Martin Lebourdais – Laboratoire d'Informatique de l'Université du Mans

PhD defence, Martin Lebourdais

Date : 17/10/2023
Time : 9h00
Location : Le Mans Université; IC2 buiding Auditorium

Title :Speaker interactions : from overlapped speech to interruption detection.

Jury members :

Romain Serizel, MCF HDR, Loria, Reviewer
Ricard Marxer, Professor, LIS, Reviewer
Martine Adda-Decker Research Director, CNRS, Examiner
Hervé Bredin Chargé de recherche, CNRS, Examiner
Slim Essid, Professor, Telecom Paris, Examiner
Laetitia Biscarrat, Maîtresse de conférence, LERASS, Invited
Marie Tahon, Professor, Le Mans Université LIUM, Supervisor
Antoine Laurent, Professor, Le Mans Université LIUM, Co-Supervisor
Sylvain Meignier Professor, Le Mans Université LIUM, Director of thesis

Abstract:

The ANR GEM project, initiated by the National Audiovisual Institute, aims to study the differences in treatment and representation between women and men in the media. This project encourages collaboration between research in media and language sciences and research in computer science. One of the project’s objectives is to promote the creation of automated tools to generalize and facilitate social sciences and humanities studies on large corpora.

In this thesis, we will focus on signal processing tools that facilitate the characterization of speaker representations. Specifically, we propose methods to automatically detect and characterize interruptions during conversations from television debate programs.

Interruption is a subjective concept with no consensus on its definition. In our field of automatic processing, this task is new, lacks a framework, and has limited resources. We propose, initially, to narrow down the definition of interruptions to the specific case of overlapped speech, following the literature in sociology and language sciences. A tool for detecting the presence of single and multiple speakers’ vocal activity has been developed in this context. Developing such a tool raises questions beyond quantitative evaluation. Several studies have been conducted on the duration and linguistic content of the multi-speaker segments.

Subsequently, we specifically focused on interruption detection.
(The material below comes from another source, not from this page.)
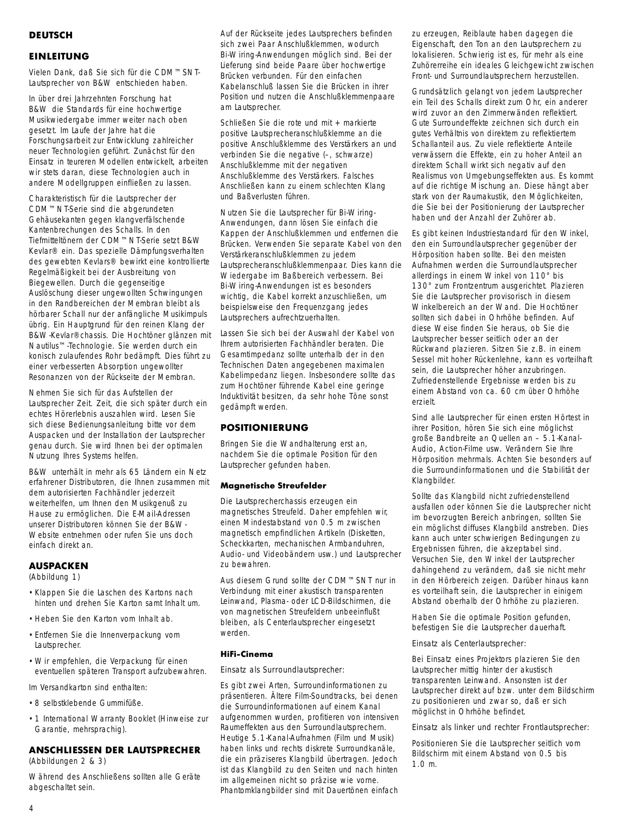DEUTSCH EINLEITUNG Vielen Dank, daß Sie sich für die CDM™SNTLautsprecher von B&W entschieden haben. In über drei Jahrzehnten Forschung hat B&W die Standards für eine hochwertige Musikwiedergabe immer weiter nach oben gesetzt. Im Laufe der Jahre hat die Forschungsarbeit zur Entwicklung zahlreicher neuer Technologien geführt. Zunächst für den Einsatz in teureren Modellen entwickelt, arbeiten wir stets daran, diese Technologien auch in andere Modellgruppen einfließen zu lassen. Charakteristisch für die Lautsprecher der CDM™NT-Serie sind die abgerundeten Gehäusekanten gegen klangverfälschende Kantenbrechungen des Schalls. In den Tiefmitteltönern der CDM™NT-Serie setzt B&W Kevlar® ein. Das spezielle Dämpfungsverhalten des gewebten Kevlars® bewirkt eine kontrollierte Regelmäßigkeit bei der Ausbreitung von Biegewellen. Durch die gegenseitige Auslöschung dieser ungewollten Schwingungen in den Randbereichen der Membran bleibt als hörbarer Schall nur der anfängliche Musikimpuls übrig. Ein Hauptgrund für den reinen Klang der B&W-Kevlar®chassis. Die Hochtöner glänzen mit Nautilus™-Technologie. Sie werden durch ein konisch zulaufendes Rohr bedämpft. Dies führt zu einer verbesserten Absorption ungewollter Resonanzen von der Rückseite der Membran. Nehmen Sie sich für das Aufstellen der Lautsprecher Zeit. Zeit, die sich später durch ein echtes Hörerlebnis auszahlen wird. Lesen Sie sich diese Bedienungsanleitung bitte vor dem Auspacken und der Installation der Lautsprecher genau durch. Sie wird Ihnen bei der optimalen Nutzung Ihres Systems helfen. B&W unterhält in mehr als 65 Ländern ein Netz erfahrener Distributoren, die Ihnen zusammen mit dem autorisierten Fachhändler jederzeit weiterhelfen, um Ihnen den Musikgenuß zu Hause zu ermöglichen. Die E-Mail-Adressen unserer Distributoren können Sie der B&WWebsite entnehmen oder rufen Sie uns doch einfach direkt an.
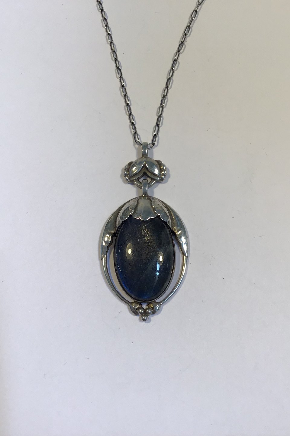 Georg Jensen Silver Necklace w Pendant No 54 (1915-1927) Labradorite L 6.5 cm(2.55 in) Weight 15 gr/0.53 oz (Chain 60 cm/23.62 in)

Training dedicated neural models required the collection and annotation of a corpus. By guiding the annotators, we arrived at an example-based definition of interruption. Creating such a corpus enabled the development of a binary interruption classification model to characterize the previously detected multi-speaker segments.

Keywords:

Overlapped speech, Speech processing, Artificial intelligence, Interruption.